Task goal
Beneath this line are entries. Copy the range from the line with "副校长石广田在致辞中对各位专" to the line with "A minimal shoulder", ends included, exactly; leave pictures out.

Provided data
######
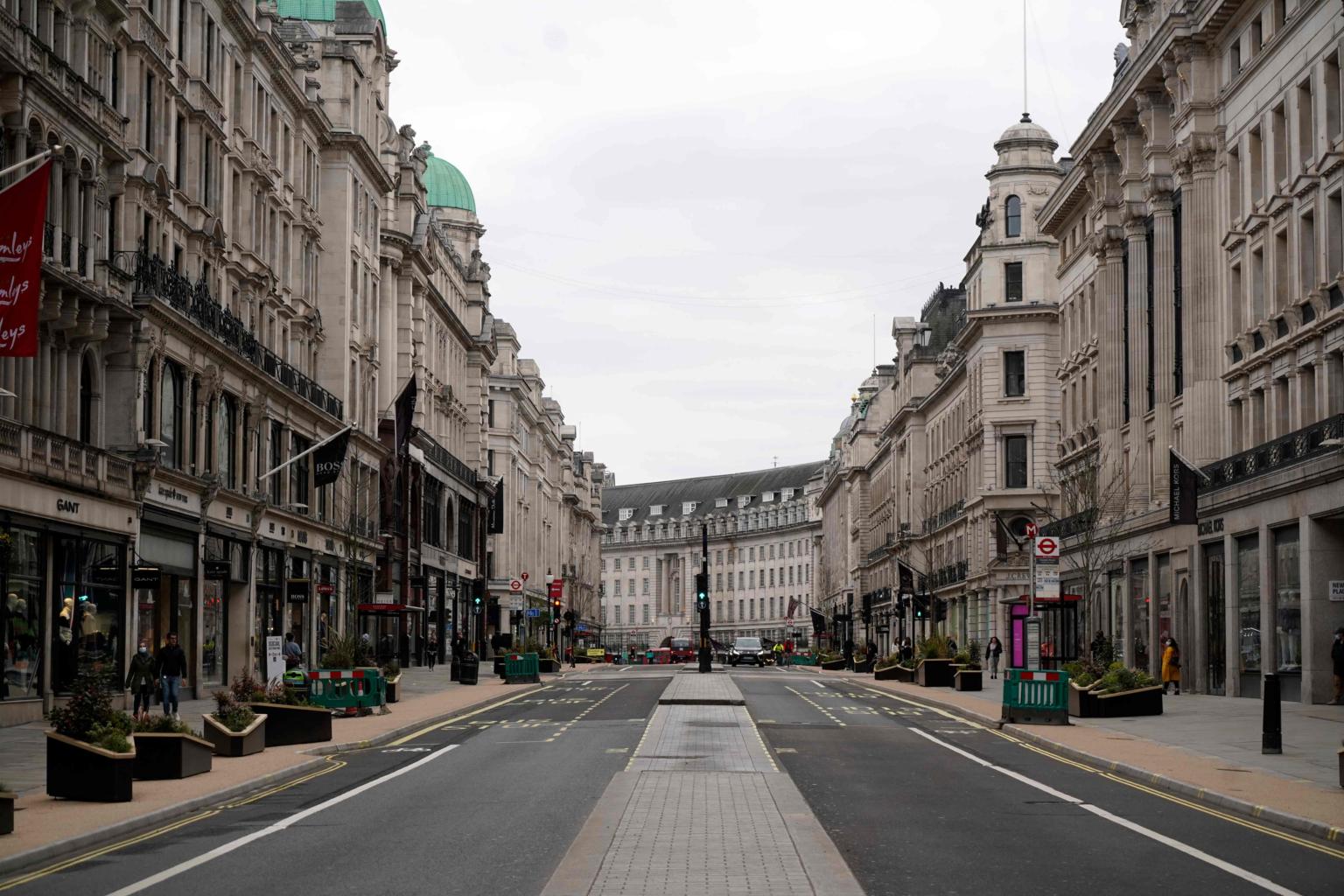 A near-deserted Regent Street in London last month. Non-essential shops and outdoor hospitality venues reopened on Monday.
######
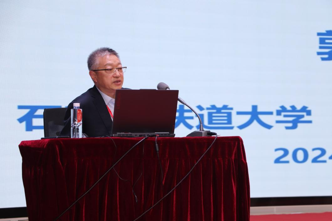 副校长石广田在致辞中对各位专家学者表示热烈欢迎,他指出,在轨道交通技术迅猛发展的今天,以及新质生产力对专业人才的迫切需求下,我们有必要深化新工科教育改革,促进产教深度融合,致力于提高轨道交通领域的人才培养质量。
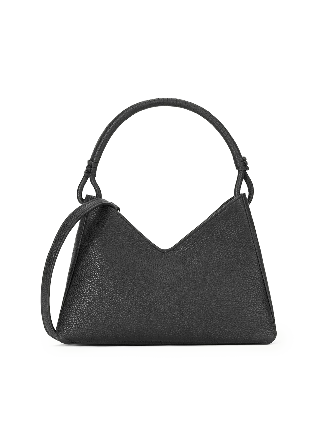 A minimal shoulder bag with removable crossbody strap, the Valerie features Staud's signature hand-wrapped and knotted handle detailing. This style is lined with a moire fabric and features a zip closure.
######
Problem solution
 副校长石广田在致辞中对各位专家学者表示热烈欢迎,他指出,在轨道交通技术迅猛发展的今天,以及新质生产力对专业人才的迫切需求下,我们有必要深化新工科教育改革,促进产教深度融合,致力于提高轨道交通领域的人才培养质量。
 A minimal shoulder bag with removable crossbody strap, the Valerie features Staud's signature hand-wrapped and knotted handle detailing. This style is lined with a moire fabric and features a zip closure.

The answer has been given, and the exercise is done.